> Exercise requirements
Without the pictures, can you quote each line below exactly?

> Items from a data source
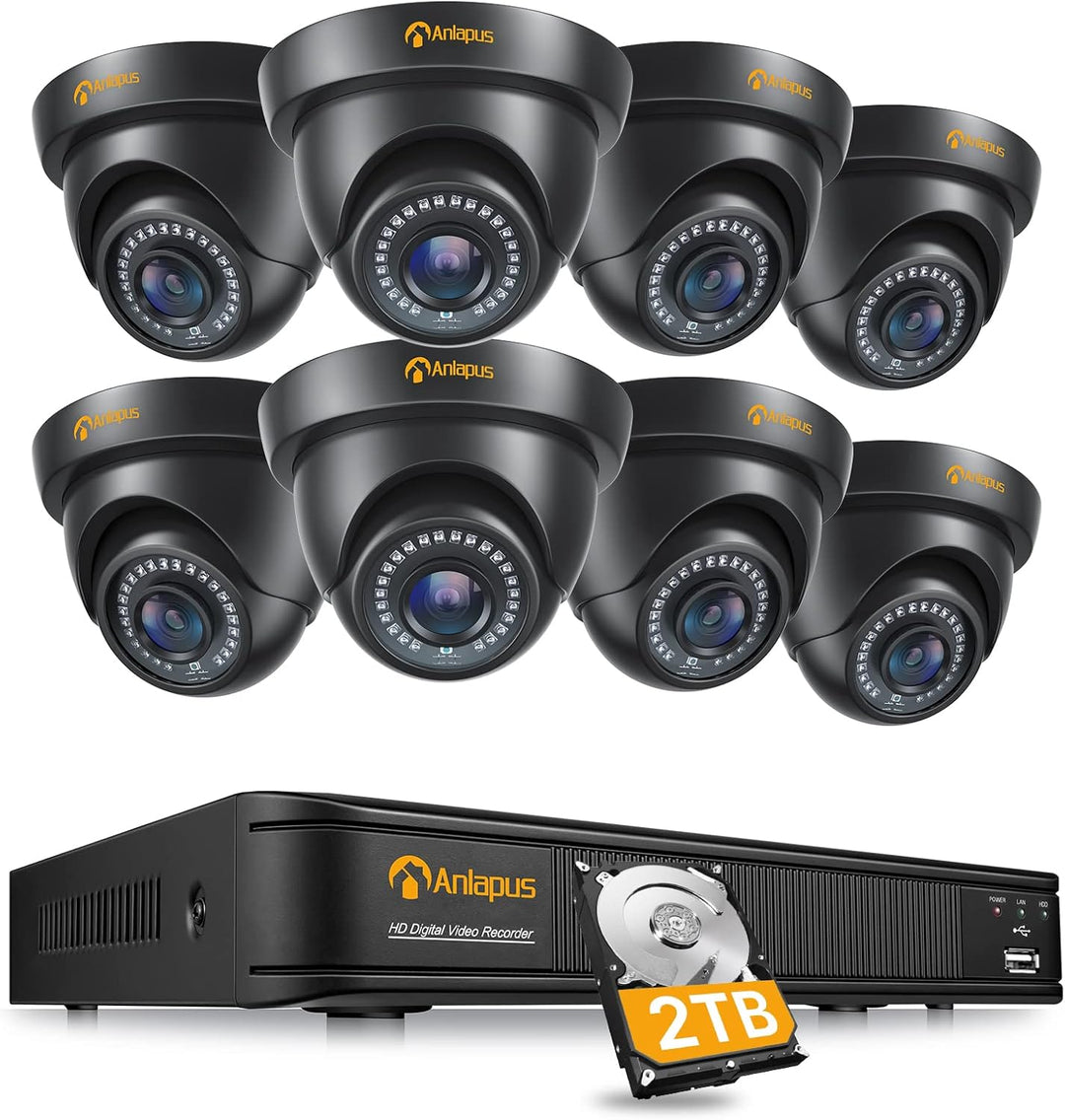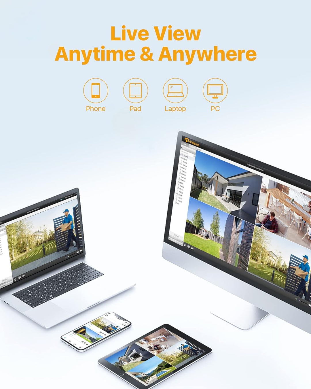 - 2TB Festplatte und H.265+ Videokomprimierug: Dank der H.265+ Technologie werden die Videos effektiv komprimiert und benötigen wenigen Speicherplatz. Die 2TB HDD sichert die einwandfreie Aufnahmen und Wiedergabe von der 8 Kameras in 1080P Full HD. Die
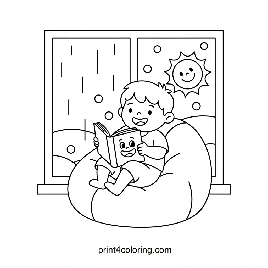 Snuggle up with this delightful coloring page featuring a happy child enjoying a good book! Curled comfortably on a soft beanbag chair, they watch gentle raindrops stream down the windowpane outside. Bring this cozy indoor scene to life with your favorite colors, imagining the quiet joy of reading on a rainy day.
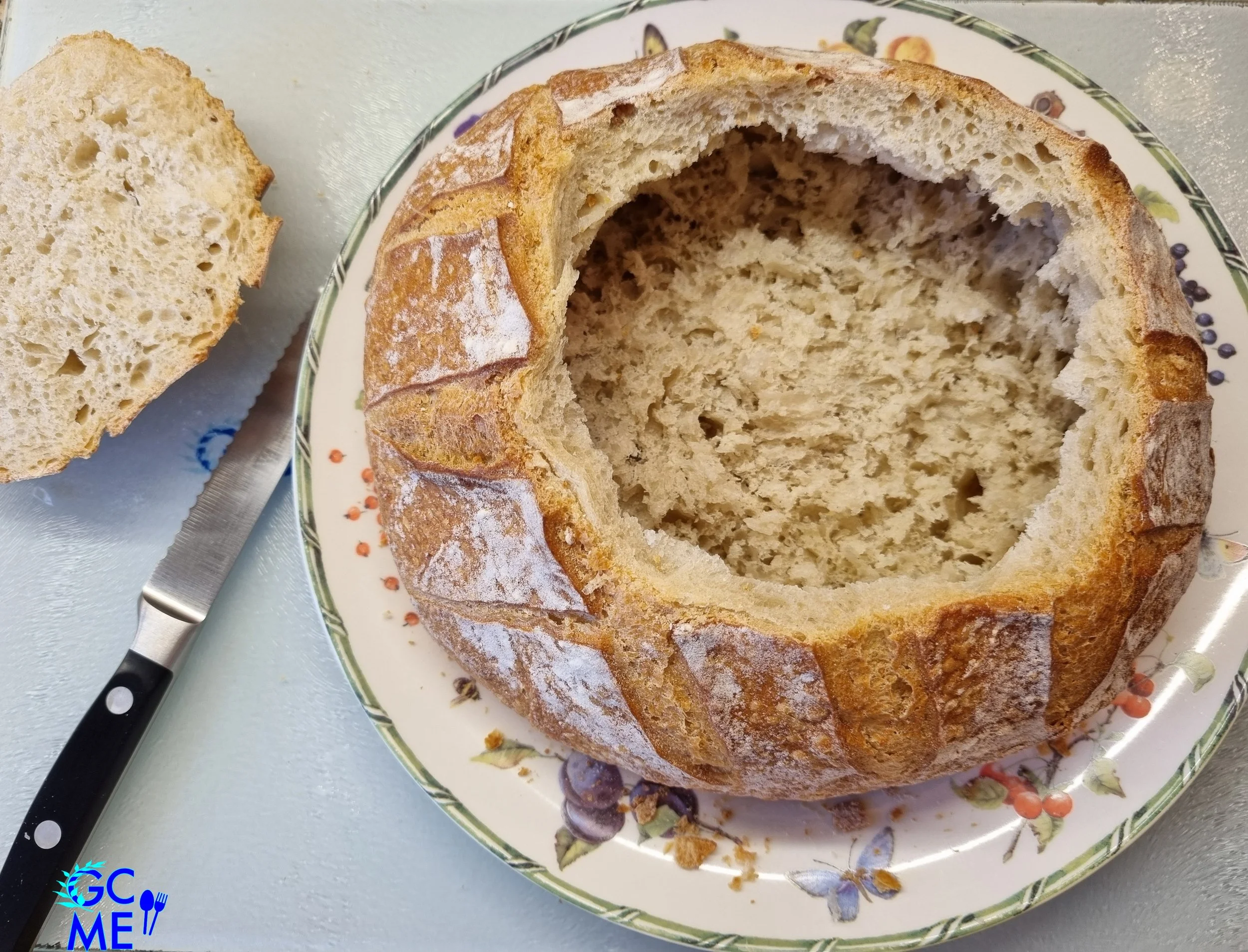 6. With a sharp knife, cut the top of the round bread, creating a lid.
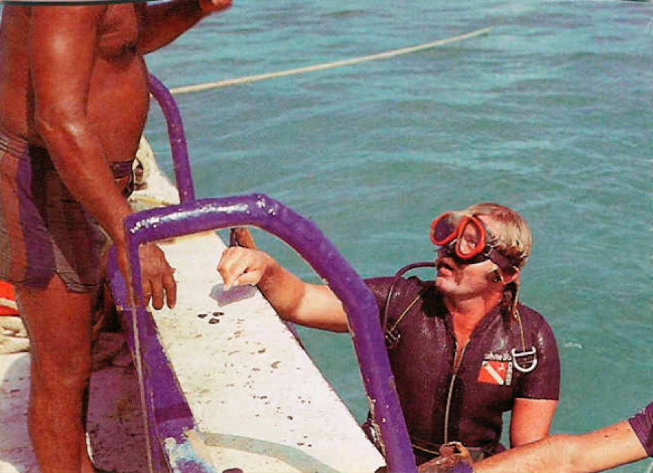 1981: Nach einem erfolgreichen Tauchgang auf hoher See bergen RMS und ein Taucherfreund fünf Golddublonen und eine Goldbrosche vom Meeresboden - und obwohl das Gold seit dreieinhalb Jahrhunderten versunken lag, sehen Münzen und Brosche wie neu aus!
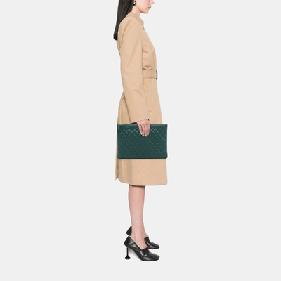 Bold yet refined, this oversized clutch melds resilience with luxury. Crafted from textured caviar leather, its clean lines and distinctive quilting evoke a contemporary edge, making it a striking accessory for the modern tastemaker seeking both form and function.
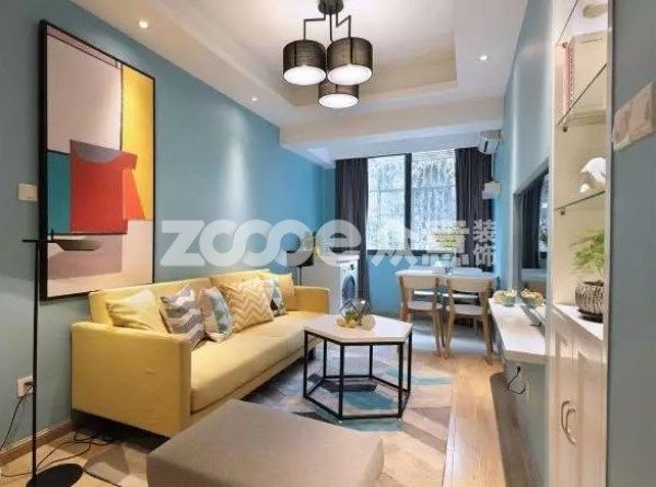 利用電箱位子的偏移,我們搭配了長方形的裝飾畫,無規則豎置,很好的隱藏了電箱,讓空間美而有趣。明黃色布藝沙發,搭配淺藍色墻面,互補色的視覺沖擊,讓整個起居室充滿陽光感。
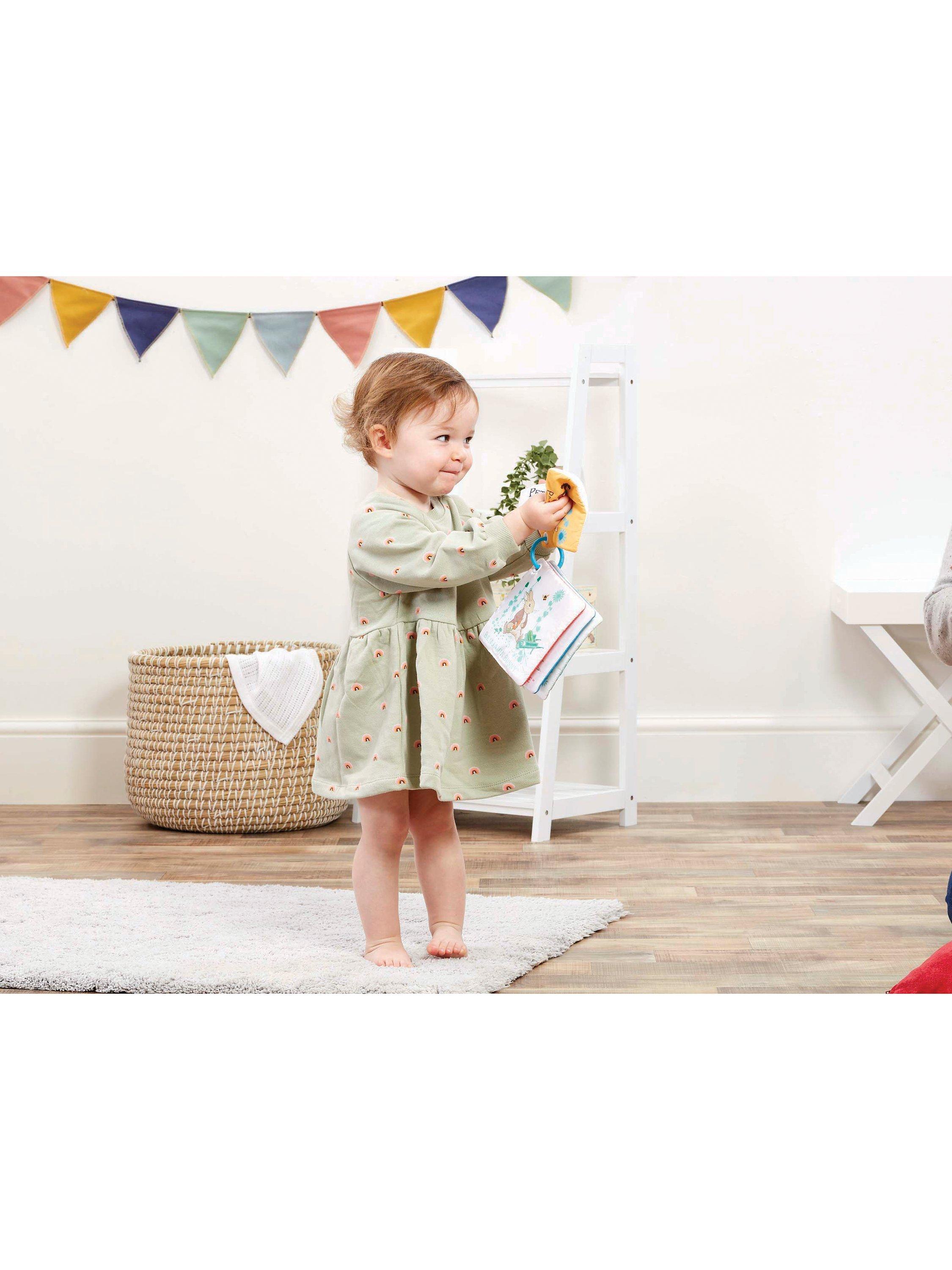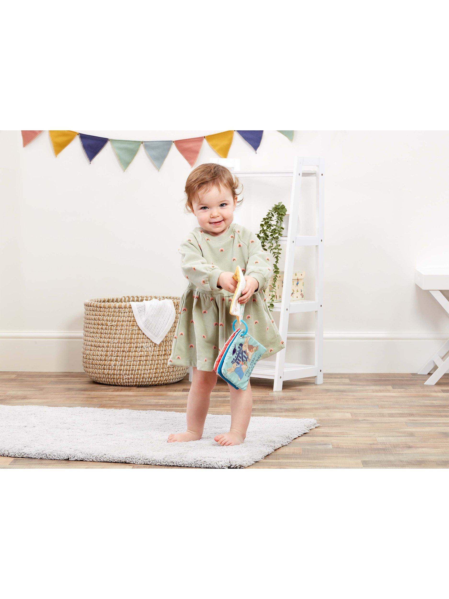 Easy to grab and featuring different textures, a crinkly page and a squeaky page, the super soft book encourages sensory play and helps to develop baby's early motor skills. The Play and Go Squares are suitable from birth and perfect for both story time and play time, as little ones explore the fun textures, sounds and classic illustrations of the loved Beatrix Potter characters. A perfect gift for the youngest Peter Rabbit fans, this fun-packed soft book also comes with a handy ring, for quick and easy attachment to a pram, a bag or car seat.
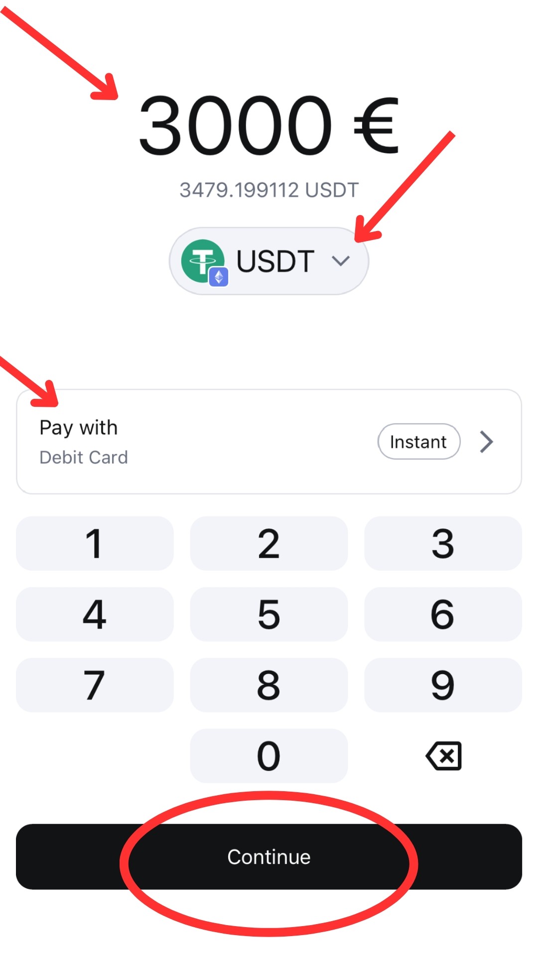 Subito sotto l'importo andremo a selezionare ciò che andiamo ad acquistare, in questo caso USDT (Presta attenzione al fatto che sotto USDT ci deve essere scritto Ethereum in piccolo
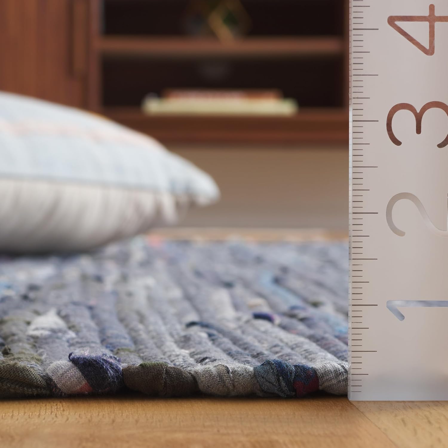 The simple charm of American textile art beams from this rug from Safavieh's Rag Rug Collection. Its chic, contemporary styling makes it a unique floor covering ideal for casual rooms. Expertly handwoven by village artisans in India, this textural rag rug is truly a one of a kind piece.Accentuated with vibrant trendy colors, this stylish ink blue colored cotton rug adds an artistic touch to existing decor. Its flat weave construction allows for seamless placement in entryways or under tables. This rug offers a way to effortlessly dress up casual spaces including mudrooms, playrooms, family rooms, or arts and crafts areas. Style: CasualPrimary Color: Ink Primary Material: Cotton Country of Origin: India Rug Dimensions: 4' x 6'
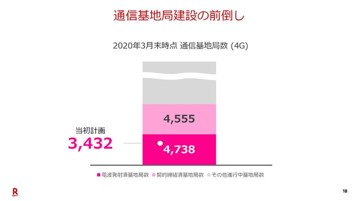 楽天は、2020年5月13日に行われた決算説明会で、懸案となっている楽天モバイルの基地局の設置状況を説明した。それによれば、2020年3月末時点における基地局数は当初計画の3,432に対して4,738と大幅な前倒しで進行しているとのこと。なお、地権者との契約が完了している基地局設置予定地の数は4,555か所(いずれも2020年3月末の数値)となっており、これと合わせると基地局数1万が視界に入ってきたことになり、2021年度中の人口カバー率では70%を達成できるとしている。
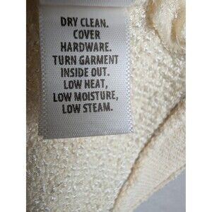 Care: Dry clean only; cover hardware, turn garment inside out, use low heat/moisture/steam

> Output for this exercise
 - 2TB Festplatte und H.265+ Videokomprimierug: Dank der H.265+ Technologie werden die Videos effektiv komprimiert und benötigen wenigen Speicherplatz. Die 2TB HDD sichert die einwandfreie Aufnahmen und Wiedergabe von der 8 Kameras in 1080P Full HD. Die
 Snuggle up with this delightful coloring page featuring a happy child enjoying a good book! Curled comfortably on a soft beanbag chair, they watch gentle raindrops stream down the windowpane outside. Bring this cozy indoor scene to life with your favorite colors, imagining the quiet joy of reading on a rainy day.
 6. With a sharp knife, cut the top of the round bread, creating a lid.
 1981: Nach einem erfolgreichen Tauchgang auf hoher See bergen RMS und ein Taucherfreund fünf Golddublonen und eine Goldbrosche vom Meeresboden - und obwohl das Gold seit dreieinhalb Jahrhunderten versunken lag, sehen Münzen und Brosche wie neu aus!
 Bold yet refined, this oversized clutch melds resilience with luxury. Crafted from textured caviar leather, its clean lines and distinctive quilting evoke a contemporary edge, making it a striking accessory for the modern tastemaker seeking both form and function.
 利用電箱位子的偏移,我們搭配了長方形的裝飾畫,無規則豎置,很好的隱藏了電箱,讓空間美而有趣。明黃色布藝沙發,搭配淺藍色墻面,互補色的視覺沖擊,讓整個起居室充滿陽光感。
 Easy to grab and featuring different textures, a crinkly page and a squeaky page, the super soft book encourages sensory play and helps to develop baby's early motor skills. The Play and Go Squares are suitable from birth and perfect for both story time and play time, as little ones explore the fun textures, sounds and classic illustrations of the loved Beatrix Potter characters. A perfect gift for the youngest Peter Rabbit fans, this fun-packed soft book also comes with a handy ring, for quick and easy attachment to a pram, a bag or car seat.
 Subito sotto l'importo andremo a selezionare ciò che andiamo ad acquistare, in questo caso USDT (Presta attenzione al fatto che sotto USDT ci deve essere scritto Ethereum in piccolo
 The simple charm of American textile art beams from this rug from Safavieh's Rag Rug Collection. Its chic, contemporary styling makes it a unique floor covering ideal for casual rooms. Expertly handwoven by village artisans in India, this textural rag rug is truly a one of a kind piece.Accentuated with vibrant trendy colors, this stylish ink blue colored cotton rug adds an artistic touch to existing decor. Its flat weave construction allows for seamless placement in entryways or under tables. This rug offers a way to effortlessly dress up casual spaces including mudrooms, playrooms, family rooms, or arts and crafts areas. Style: CasualPrimary Color: Ink Primary Material: Cotton Country of Origin: India Rug Dimensions: 4' x 6'
 楽天は、2020年5月13日に行われた決算説明会で、懸案となっている楽天モバイルの基地局の設置状況を説明した。それによれば、2020年3月末時点における基地局数は当初計画の3,432に対して4,738と大幅な前倒しで進行しているとのこと。なお、地権者との契約が完了している基地局設置予定地の数は4,555か所(いずれも2020年3月末の数値)となっており、これと合わせると基地局数1万が視界に入ってきたことになり、2021年度中の人口カバー率では70%を達成できるとしている。
 Care: Dry clean only; cover hardware, turn garment inside out, use low heat/moisture/steam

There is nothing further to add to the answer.